- Task to carry out -
Give again, word for word, the lines below that run from the line with "The Rae Top" through the line with "OKTO Malování hmotou". Drop the pictures.

- Data for the task -
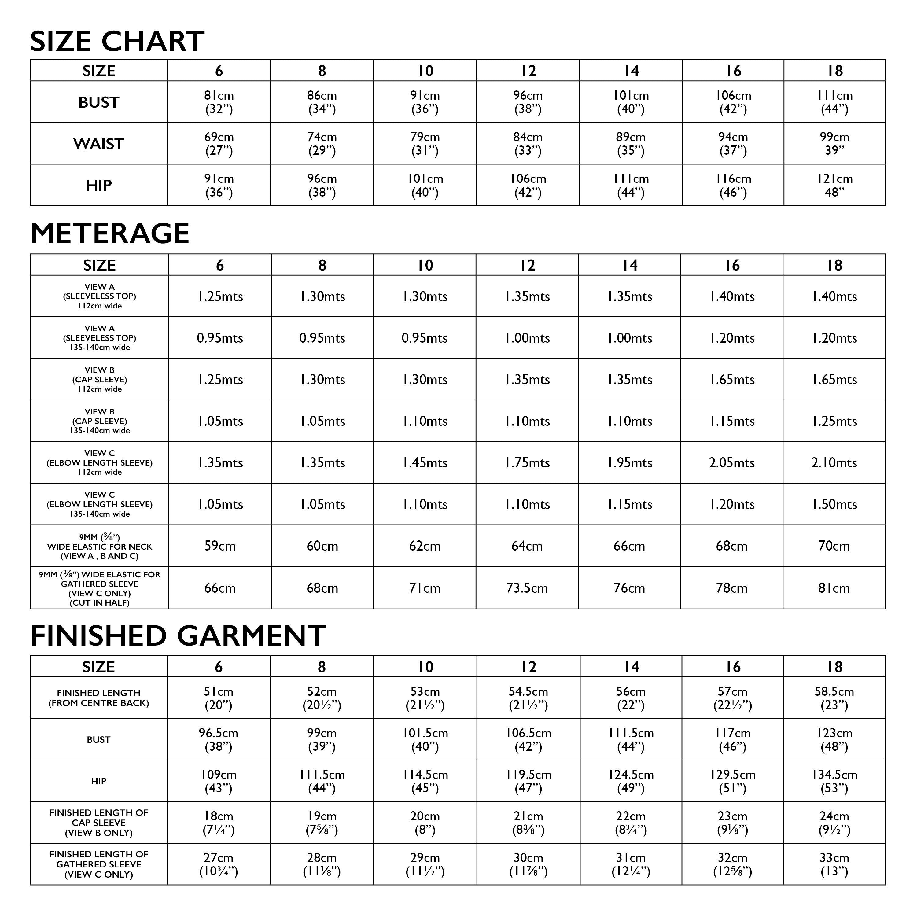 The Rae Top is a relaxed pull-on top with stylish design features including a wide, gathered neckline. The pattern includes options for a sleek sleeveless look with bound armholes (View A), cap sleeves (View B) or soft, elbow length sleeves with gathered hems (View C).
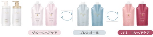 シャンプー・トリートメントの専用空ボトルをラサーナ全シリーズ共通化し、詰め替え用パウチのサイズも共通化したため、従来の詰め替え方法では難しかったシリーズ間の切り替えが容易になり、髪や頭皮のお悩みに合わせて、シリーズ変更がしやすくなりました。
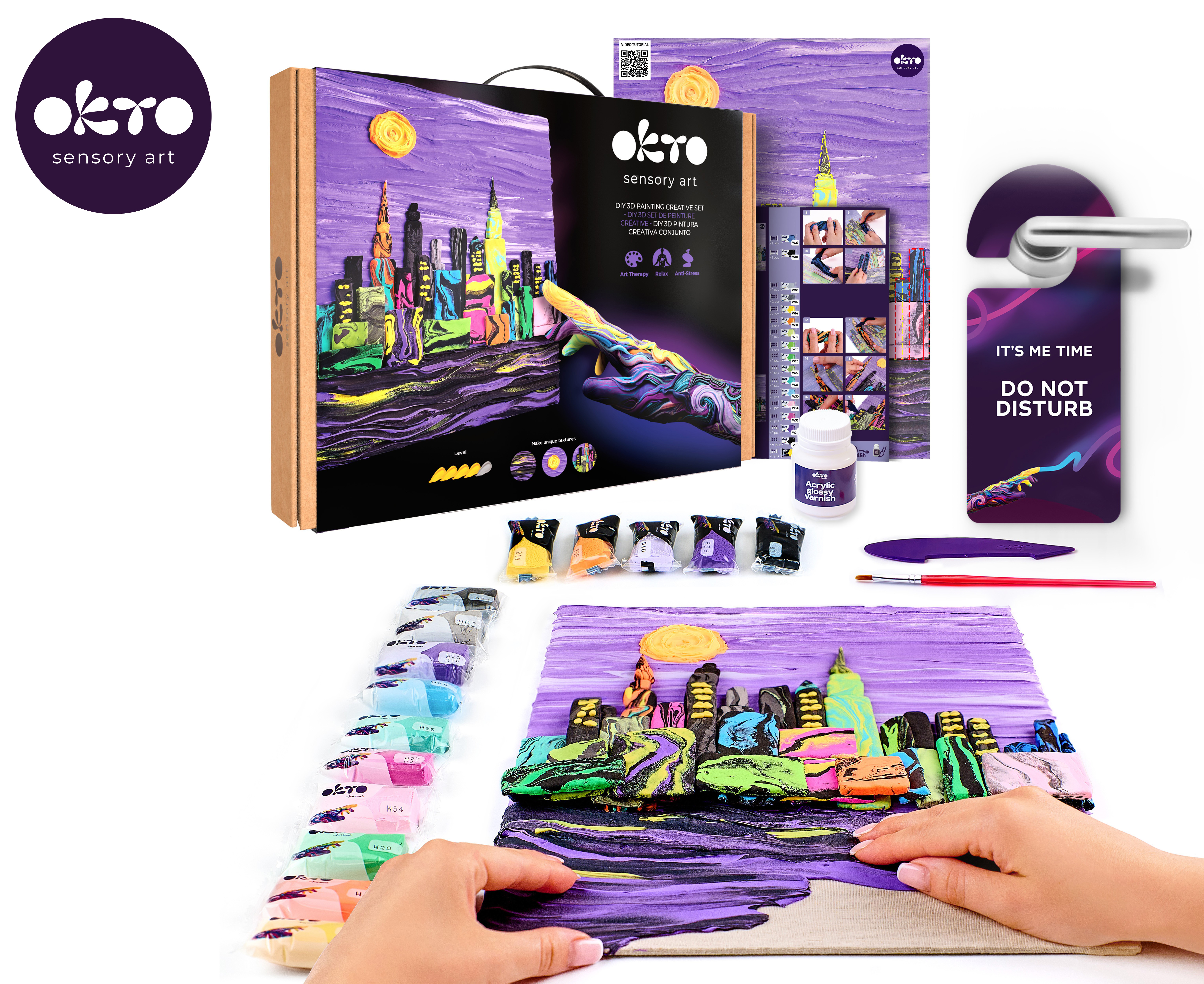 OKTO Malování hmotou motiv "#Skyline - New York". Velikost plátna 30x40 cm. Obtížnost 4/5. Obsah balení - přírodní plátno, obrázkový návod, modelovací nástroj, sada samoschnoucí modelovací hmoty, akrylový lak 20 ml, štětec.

---

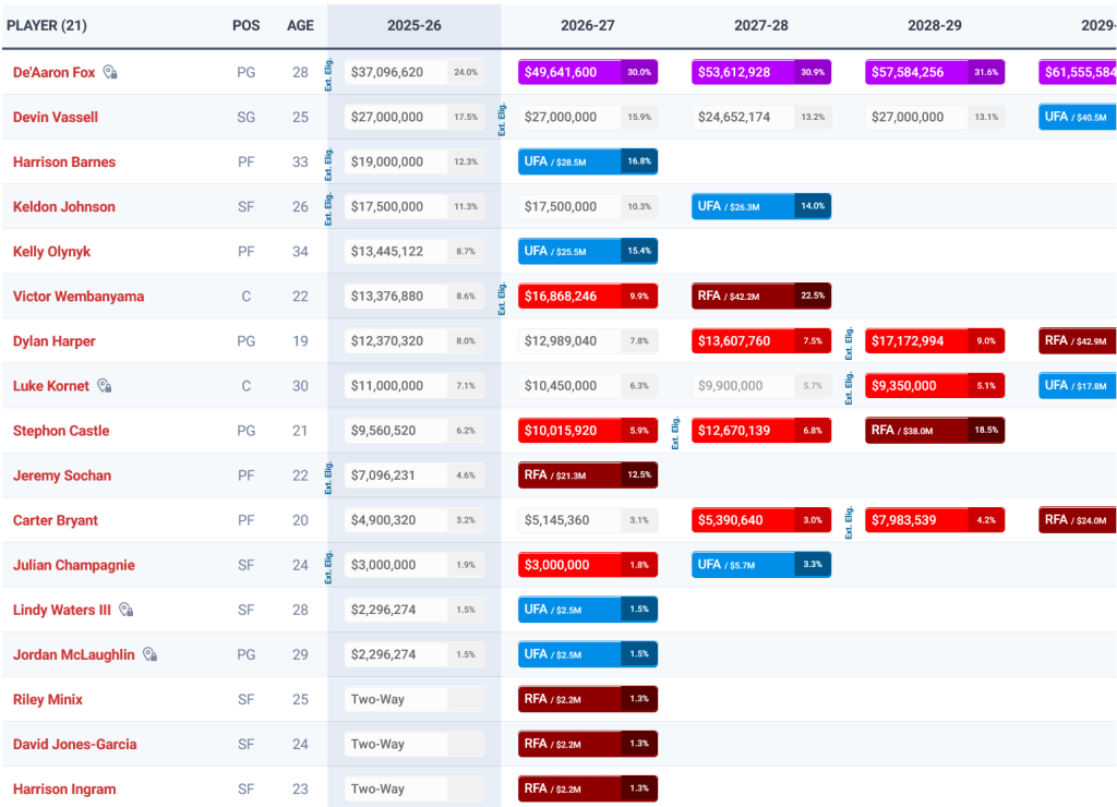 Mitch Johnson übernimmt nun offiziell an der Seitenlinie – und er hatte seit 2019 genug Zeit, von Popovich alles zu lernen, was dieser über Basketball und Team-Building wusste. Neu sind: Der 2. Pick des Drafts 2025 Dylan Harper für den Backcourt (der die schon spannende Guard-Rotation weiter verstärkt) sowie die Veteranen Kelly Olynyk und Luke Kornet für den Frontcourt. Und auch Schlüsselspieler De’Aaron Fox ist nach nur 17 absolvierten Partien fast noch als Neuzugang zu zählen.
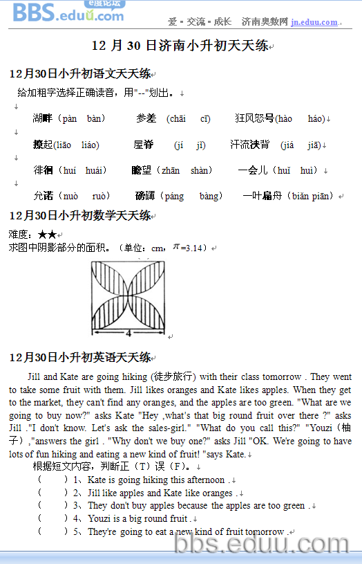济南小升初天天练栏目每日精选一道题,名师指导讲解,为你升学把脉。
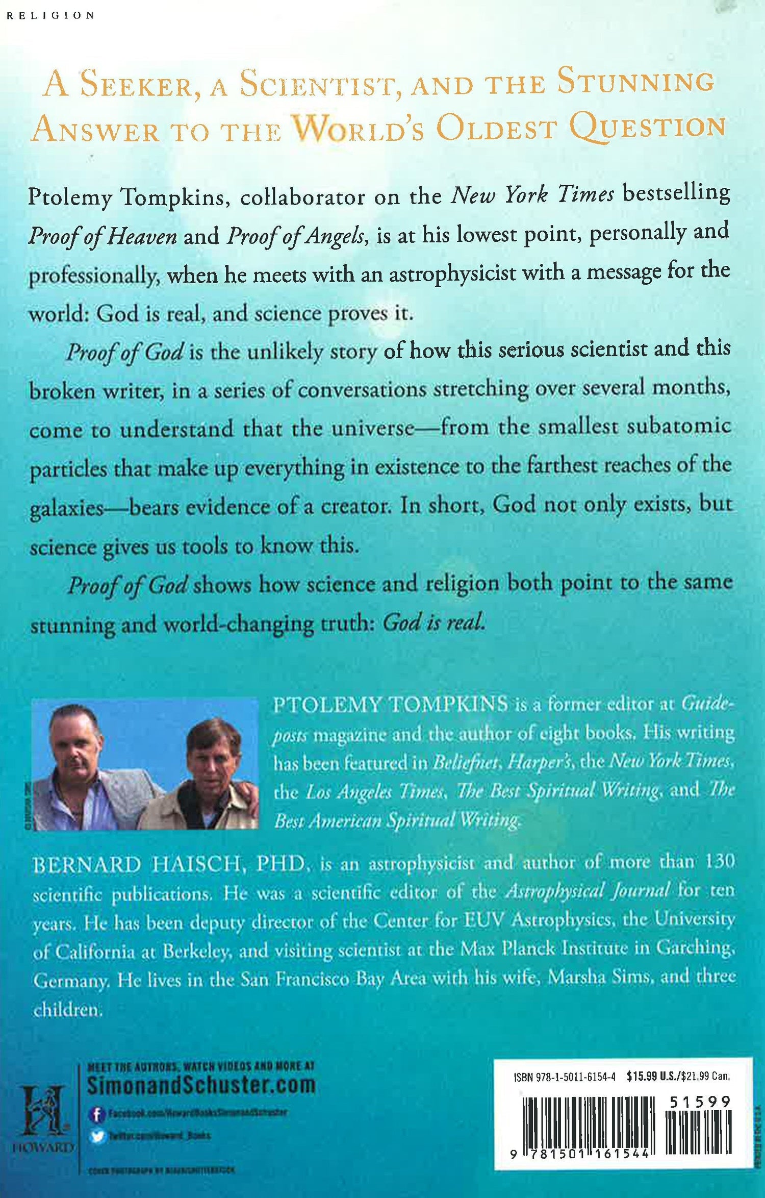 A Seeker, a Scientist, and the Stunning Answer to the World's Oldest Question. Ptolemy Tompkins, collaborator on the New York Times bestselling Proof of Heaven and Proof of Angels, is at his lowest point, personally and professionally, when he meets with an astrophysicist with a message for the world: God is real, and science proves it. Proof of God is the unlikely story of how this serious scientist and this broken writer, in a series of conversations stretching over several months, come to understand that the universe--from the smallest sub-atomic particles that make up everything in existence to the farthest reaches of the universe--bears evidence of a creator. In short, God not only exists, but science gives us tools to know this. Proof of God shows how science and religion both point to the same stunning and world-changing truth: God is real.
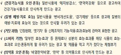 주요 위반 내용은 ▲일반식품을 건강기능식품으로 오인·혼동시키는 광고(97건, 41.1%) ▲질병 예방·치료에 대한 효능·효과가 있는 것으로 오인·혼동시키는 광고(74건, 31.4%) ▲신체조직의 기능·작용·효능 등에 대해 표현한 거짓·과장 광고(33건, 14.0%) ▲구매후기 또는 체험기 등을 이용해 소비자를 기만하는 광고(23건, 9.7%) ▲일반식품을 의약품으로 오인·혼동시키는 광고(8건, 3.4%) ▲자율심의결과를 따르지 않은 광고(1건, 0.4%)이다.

- Result for this task -
 The Rae Top is a relaxed pull-on top with stylish design features including a wide, gathered neckline. The pattern includes options for a sleek sleeveless look with bound armholes (View A), cap sleeves (View B) or soft, elbow length sleeves with gathered hems (View C).
 シャンプー・トリートメントの専用空ボトルをラサーナ全シリーズ共通化し、詰め替え用パウチのサイズも共通化したため、従来の詰め替え方法では難しかったシリーズ間の切り替えが容易になり、髪や頭皮のお悩みに合わせて、シリーズ変更がしやすくなりました。
 OKTO Malování hmotou motiv "#Skyline - New York". Velikost plátna 30x40 cm. Obtížnost 4/5. Obsah balení - přírodní plátno, obrázkový návod, modelovací nástroj, sada samoschnoucí modelovací hmoty, akrylový lak 20 ml, štětec.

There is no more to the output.